Recorded information ::
+===+

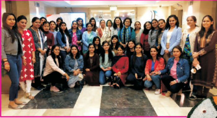
कार्पोरेट कार्यालय, ईस्ट किडवई नगर, नई दिल्ली
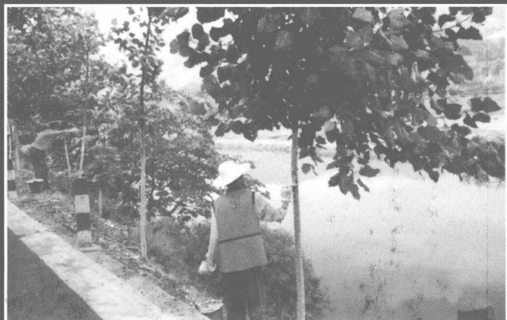
公路管理职工精心护理行道树
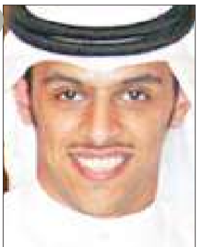
جانب من الفرحة
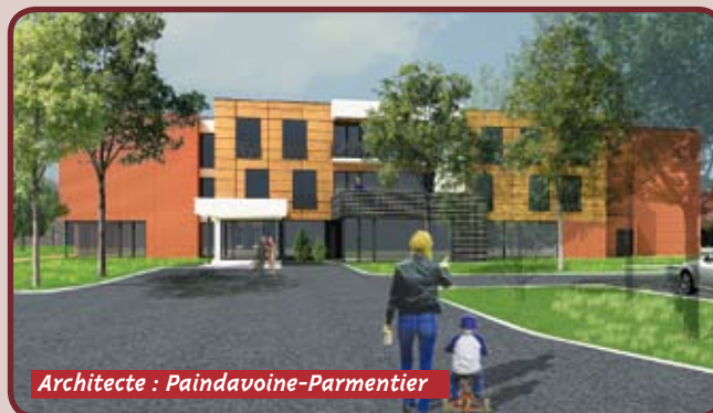
Architecte : Paindavoine-Parmentier

+===+

What you are asked to do :: Return the full listing above verbatim, please, but without its images.

Output of the exercise ::
कार्पोरेट कार्यालय, ईस्ट किडवई नगर, नई दिल्ली
公路管理职工精心护理行道树
جانب من الفرحة
Architecte : Paindavoine-Parmentier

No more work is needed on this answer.